A reader asks: On my website and resumé, is it OK to use my clients’ names? Does it matter if I worked for them directly or through an agency?
Short answer: To be safe, never use a client’s name without their permission. If you’re “sure that the client won’t mind,” then why not take two minutes and write them an e-mail, just to make sure. Clients may have their reasons for not wanting you to use their name, so why risk the relationship over it?
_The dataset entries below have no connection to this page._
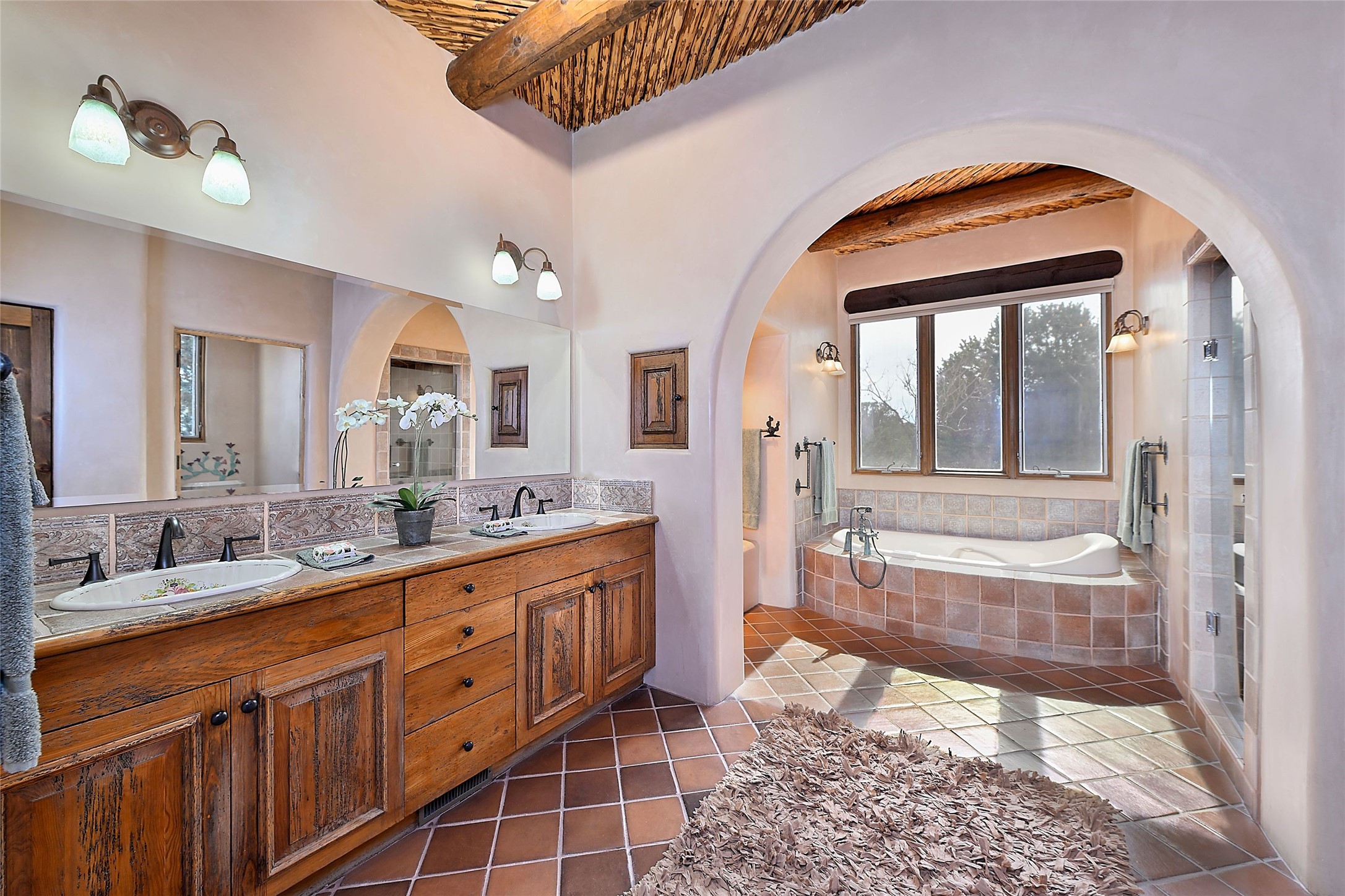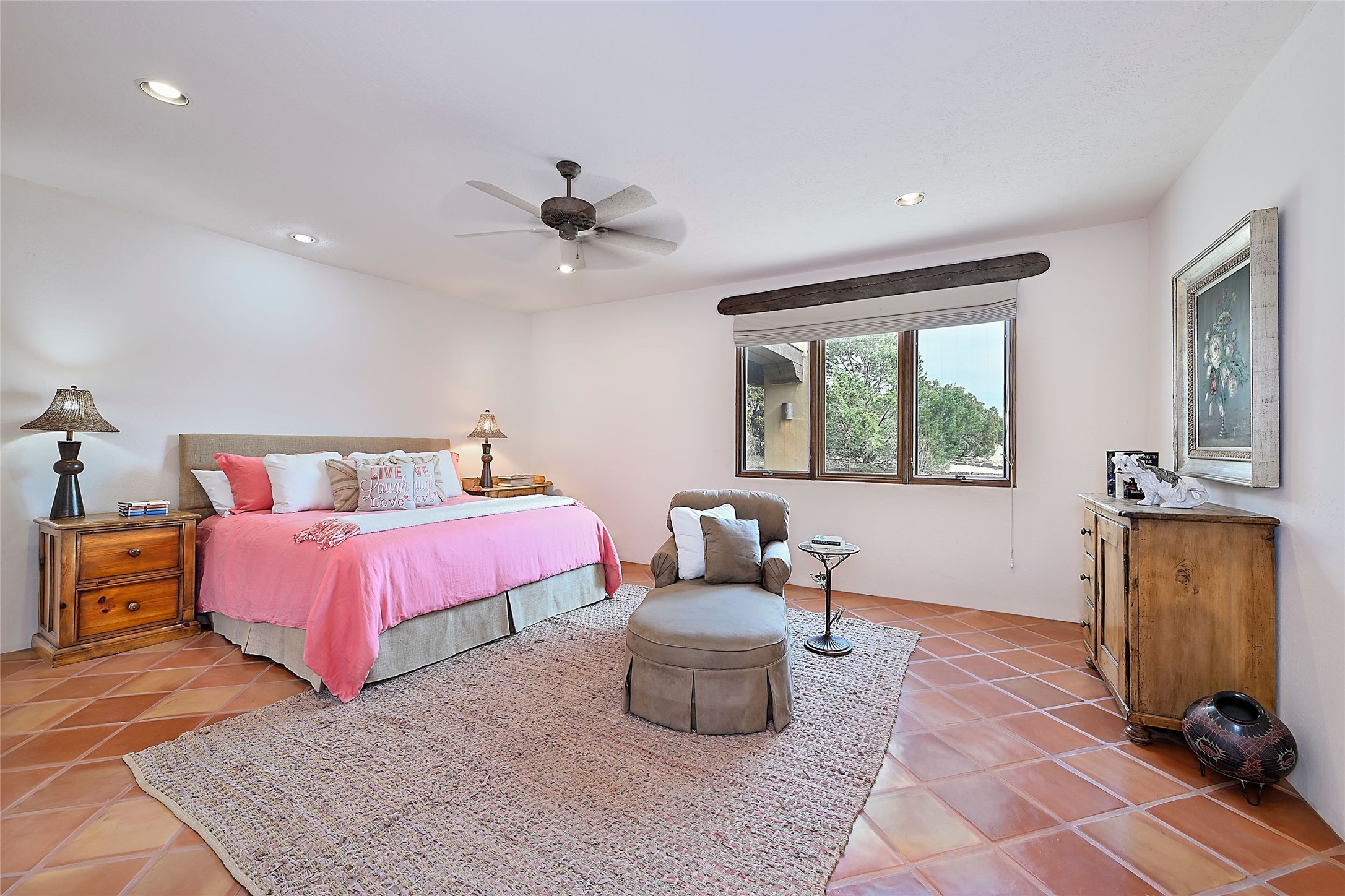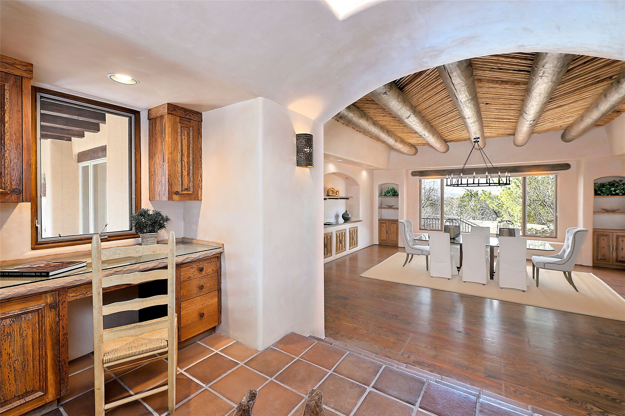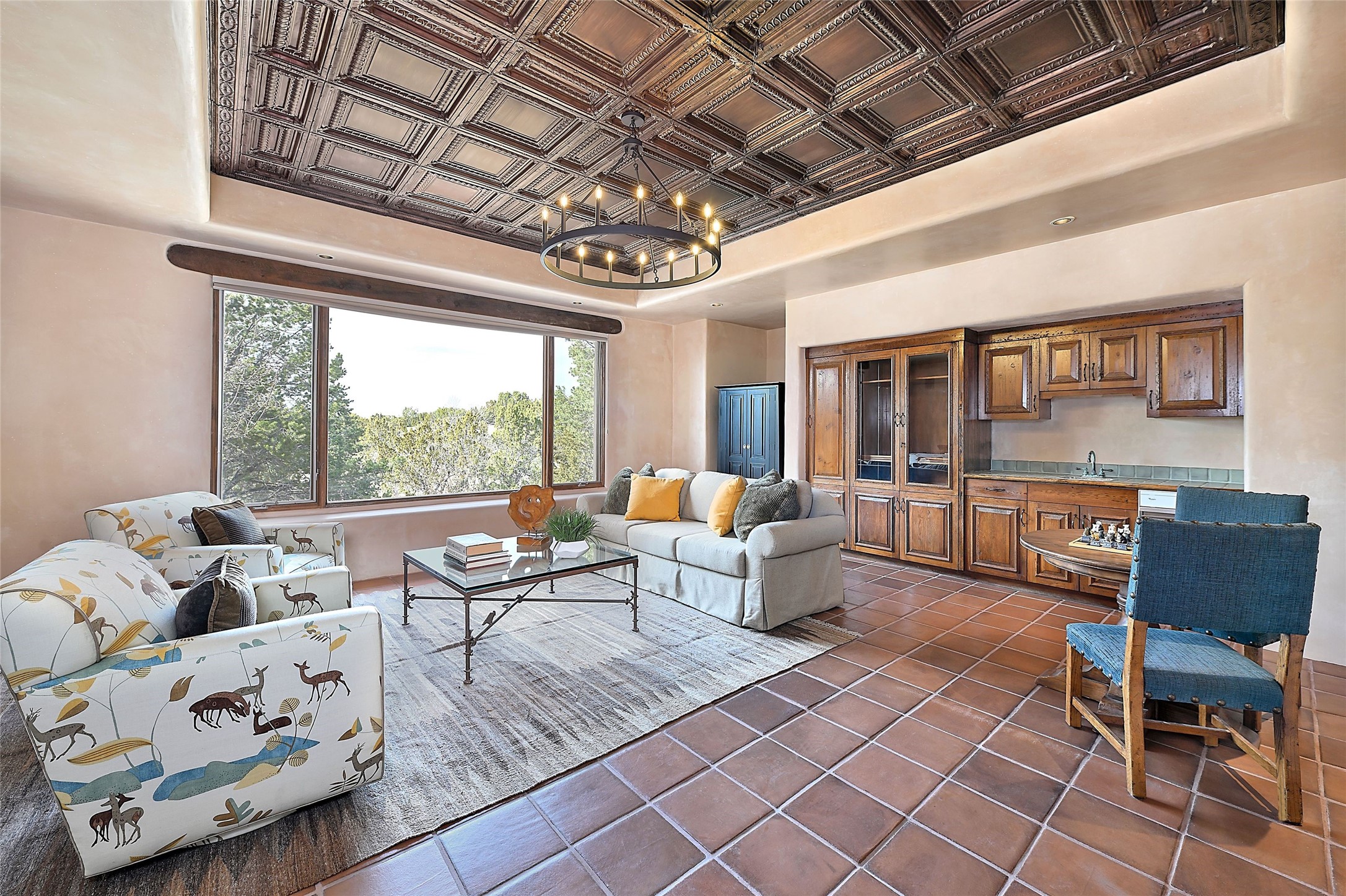 The Grande Dame of las Campanas. Set on an expansive 5 acre double lot, this property offers unparalleled privacy and security. Substantial gates open to reveal a stunning courtyard meticulously designed to create a welcoming impression with natural, elegant landscaping. Stepping through the stately front doors you're greeted by the soaring ceilings of the expansive great room seamlessly connecting to the vast patio beyond. Adjacent to the great room lies the charming formal dining room. A step beyond is the extra-large game and media room. The kitchen has enough room for two to cook and friends to gather, with a charming breakfast nook opening to the courtyard. The estate boasts four bedrooms each with en-suite baths. The primary bedroom is a private retreat with accompanying bath and an extensive two sides walk-in closet. Steps away is the home's library ready for a collection of books or artifacts. the comfortable seating area offers a peaceful place to read, work or just relax. For those who opt to join the club at Las Campanas with its world class amenities, memberships are available. Or just enjoy the serenity of a beautifully cared for community.
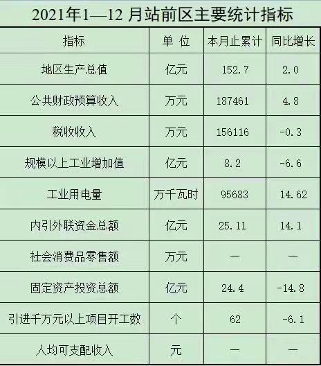 (營口市)站前區(qū)2021年1—12月主要統(tǒng)計指標
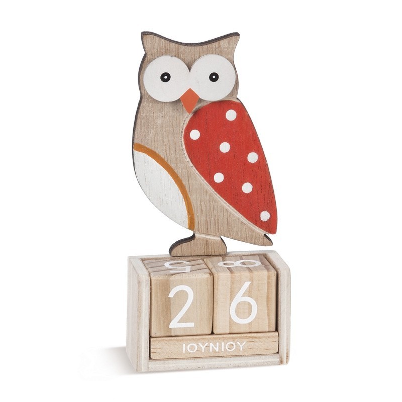 Ξύλινο διακοσμητικό ημερολόγιο με κύβους σε natural χρώο πάνω μέρος είναι διακοσμημένο με ξύλινη παράσταση κουκουβάγια σε κόκκινο πουά χρώμα.
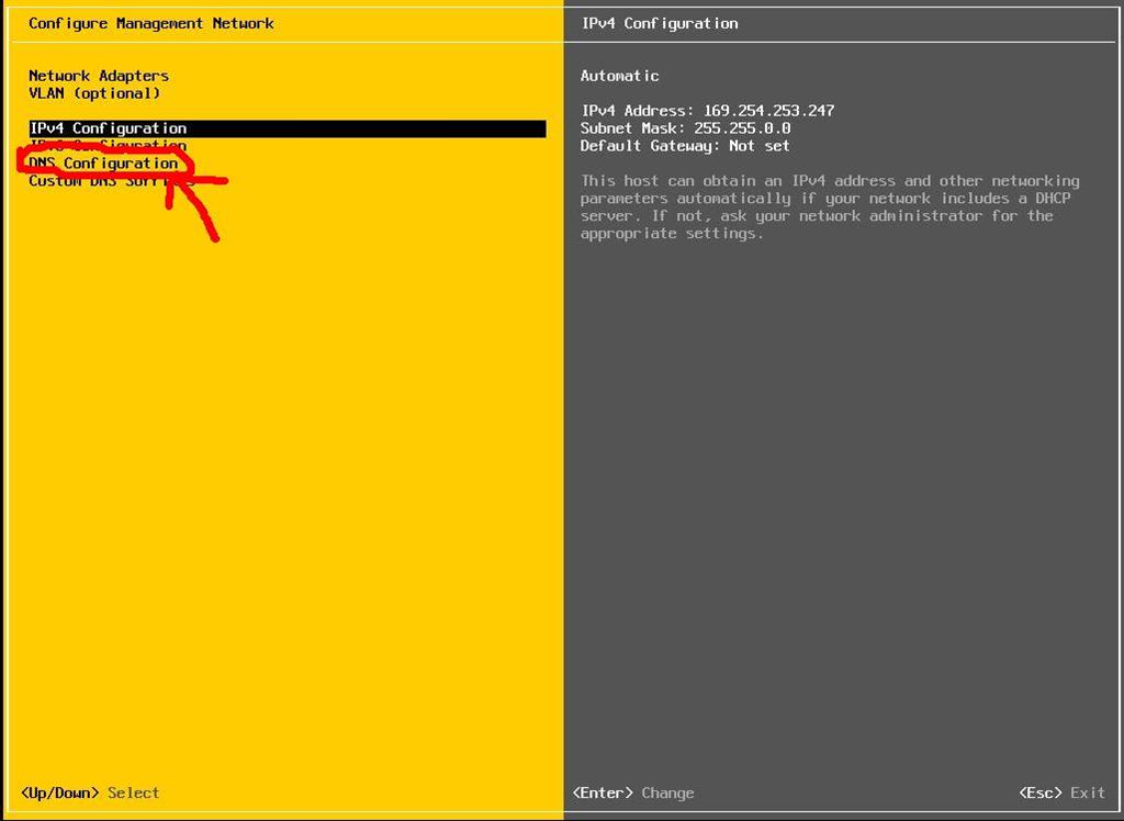 - Go to DNS configuration, enter hostname which you want to set to the server (host), and click ESC key to come out of the configuration page.

Longer answer: Using clients’ names in your marketing materials is a big asset, especially if the client is a big-name one. But if you use a client’s name without permission, you can create a very bad situation for them, and thus for yourself as well. Here are my personal recommendations for using clients’ names, with the caveat that these fall on the conservative side. Only use a client’s name in your marketing materials if:
- You worked for them as an employee, not as a freelancer;
- Or, if your name appears in the credits of a published translation for that client;
- Or, if you have the client’s permission in writing;
- Or, if the client wrote you a public testimonial or LinkedIn recommendation (or similar) and included their name on it.
I recommend never using the name of an end client that you worked for through an agency. They’re the agency’s client, not yours: the agency presumably found, landed, and retains the client, and you have no direct relationship with the end client. For similar reasons, an agency should never use the end client’s non-payment as a reason not to pay you, but that’s another post entirely!
I think that these (fairly restrictive) guidelines help avoid misunderstandings, and respect the fact that even a client with whom you have a good relationship may decline to be named publicly as one of your clients. By the same token, I always ask my direct clients to put my name on the translation (and many of them agree), but I never push back if the client declines this request.
Other thoughts on using clients’ names?